▶ [Work instructions]
Beginning at the first line of the data, print each line exactly, stopping after the line that contains "This set of".

▶ [Data shown]
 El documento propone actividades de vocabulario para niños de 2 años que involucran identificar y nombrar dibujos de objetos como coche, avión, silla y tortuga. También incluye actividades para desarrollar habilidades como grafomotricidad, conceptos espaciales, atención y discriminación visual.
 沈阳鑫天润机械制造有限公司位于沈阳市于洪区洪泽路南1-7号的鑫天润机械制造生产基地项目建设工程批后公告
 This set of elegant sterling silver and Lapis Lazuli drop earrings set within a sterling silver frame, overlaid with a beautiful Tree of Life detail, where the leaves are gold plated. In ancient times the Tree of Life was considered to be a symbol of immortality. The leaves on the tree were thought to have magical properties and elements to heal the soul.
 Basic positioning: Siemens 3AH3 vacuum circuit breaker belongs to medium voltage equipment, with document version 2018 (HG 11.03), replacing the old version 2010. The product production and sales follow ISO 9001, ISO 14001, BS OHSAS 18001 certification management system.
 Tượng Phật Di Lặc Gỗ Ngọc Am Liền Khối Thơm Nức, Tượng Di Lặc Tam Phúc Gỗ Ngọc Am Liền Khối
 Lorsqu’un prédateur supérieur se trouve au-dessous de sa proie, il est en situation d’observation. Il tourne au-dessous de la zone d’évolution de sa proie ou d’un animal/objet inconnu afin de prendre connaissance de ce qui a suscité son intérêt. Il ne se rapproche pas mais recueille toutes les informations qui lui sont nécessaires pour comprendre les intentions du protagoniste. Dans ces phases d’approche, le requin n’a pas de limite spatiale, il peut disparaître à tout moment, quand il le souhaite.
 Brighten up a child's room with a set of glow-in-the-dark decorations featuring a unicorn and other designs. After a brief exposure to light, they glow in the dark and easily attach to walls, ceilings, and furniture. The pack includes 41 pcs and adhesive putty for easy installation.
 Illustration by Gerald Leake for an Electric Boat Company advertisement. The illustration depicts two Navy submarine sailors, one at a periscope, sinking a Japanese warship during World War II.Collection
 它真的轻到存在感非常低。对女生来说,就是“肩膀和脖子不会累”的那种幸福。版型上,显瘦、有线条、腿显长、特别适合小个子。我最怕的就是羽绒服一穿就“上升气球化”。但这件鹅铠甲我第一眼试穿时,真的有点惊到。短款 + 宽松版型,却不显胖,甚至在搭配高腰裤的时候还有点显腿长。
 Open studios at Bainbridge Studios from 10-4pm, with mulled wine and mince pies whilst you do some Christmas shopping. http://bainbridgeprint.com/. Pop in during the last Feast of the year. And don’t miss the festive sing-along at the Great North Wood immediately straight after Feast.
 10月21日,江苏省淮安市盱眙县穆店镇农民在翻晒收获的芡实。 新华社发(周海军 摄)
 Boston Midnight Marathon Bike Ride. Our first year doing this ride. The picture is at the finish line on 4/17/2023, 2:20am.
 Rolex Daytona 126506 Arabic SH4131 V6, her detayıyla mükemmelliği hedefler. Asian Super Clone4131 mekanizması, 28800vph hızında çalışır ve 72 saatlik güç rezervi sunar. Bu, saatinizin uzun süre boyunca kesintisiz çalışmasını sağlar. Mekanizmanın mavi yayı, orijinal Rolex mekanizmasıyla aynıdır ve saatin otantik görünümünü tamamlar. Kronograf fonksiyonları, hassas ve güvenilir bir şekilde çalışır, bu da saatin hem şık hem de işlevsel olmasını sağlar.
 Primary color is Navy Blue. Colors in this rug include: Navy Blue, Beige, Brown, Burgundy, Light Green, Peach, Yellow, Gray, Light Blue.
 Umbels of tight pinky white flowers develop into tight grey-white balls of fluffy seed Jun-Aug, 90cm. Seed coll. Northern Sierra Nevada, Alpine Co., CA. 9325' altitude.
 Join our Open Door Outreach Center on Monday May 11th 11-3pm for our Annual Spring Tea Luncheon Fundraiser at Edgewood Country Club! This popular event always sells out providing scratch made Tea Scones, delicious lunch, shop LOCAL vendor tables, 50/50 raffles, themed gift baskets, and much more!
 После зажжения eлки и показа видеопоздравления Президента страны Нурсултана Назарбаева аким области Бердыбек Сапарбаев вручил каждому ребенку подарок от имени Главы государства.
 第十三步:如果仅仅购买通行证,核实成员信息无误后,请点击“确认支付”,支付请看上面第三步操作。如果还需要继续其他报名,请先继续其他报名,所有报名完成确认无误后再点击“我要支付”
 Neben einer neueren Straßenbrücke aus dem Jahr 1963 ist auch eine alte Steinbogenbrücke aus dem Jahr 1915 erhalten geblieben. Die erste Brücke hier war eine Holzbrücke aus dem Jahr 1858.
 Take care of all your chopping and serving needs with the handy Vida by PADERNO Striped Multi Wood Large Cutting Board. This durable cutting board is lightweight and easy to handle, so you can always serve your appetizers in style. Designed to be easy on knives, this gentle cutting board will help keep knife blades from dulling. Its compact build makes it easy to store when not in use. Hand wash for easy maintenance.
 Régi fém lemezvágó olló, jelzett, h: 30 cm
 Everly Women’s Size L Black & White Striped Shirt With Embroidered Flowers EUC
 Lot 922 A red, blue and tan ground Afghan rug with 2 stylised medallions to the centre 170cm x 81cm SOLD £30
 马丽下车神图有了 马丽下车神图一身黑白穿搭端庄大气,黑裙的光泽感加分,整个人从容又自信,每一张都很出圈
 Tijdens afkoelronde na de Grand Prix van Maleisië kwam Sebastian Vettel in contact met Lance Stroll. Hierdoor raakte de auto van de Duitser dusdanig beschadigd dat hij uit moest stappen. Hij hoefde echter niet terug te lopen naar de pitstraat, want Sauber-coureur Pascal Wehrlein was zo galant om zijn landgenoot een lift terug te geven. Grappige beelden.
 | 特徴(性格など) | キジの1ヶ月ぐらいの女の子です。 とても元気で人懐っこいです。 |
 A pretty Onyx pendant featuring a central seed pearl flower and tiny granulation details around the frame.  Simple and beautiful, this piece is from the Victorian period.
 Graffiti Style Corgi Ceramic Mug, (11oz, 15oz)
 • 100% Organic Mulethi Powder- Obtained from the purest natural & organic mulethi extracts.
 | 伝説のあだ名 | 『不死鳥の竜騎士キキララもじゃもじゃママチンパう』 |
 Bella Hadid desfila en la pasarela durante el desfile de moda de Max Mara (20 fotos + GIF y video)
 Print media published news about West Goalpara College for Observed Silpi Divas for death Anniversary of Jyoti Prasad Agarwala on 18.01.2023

▶ [Task answer]
 El documento propone actividades de vocabulario para niños de 2 años que involucran identificar y nombrar dibujos de objetos como coche, avión, silla y tortuga. También incluye actividades para desarrollar habilidades como grafomotricidad, conceptos espaciales, atención y discriminación visual.
 沈阳鑫天润机械制造有限公司位于沈阳市于洪区洪泽路南1-7号的鑫天润机械制造生产基地项目建设工程批后公告
 This set of elegant sterling silver and Lapis Lazuli drop earrings set within a sterling silver frame, overlaid with a beautiful Tree of Life detail, where the leaves are gold plated. In ancient times the Tree of Life was considered to be a symbol of immortality. The leaves on the tree were thought to have magical properties and elements to heal the soul.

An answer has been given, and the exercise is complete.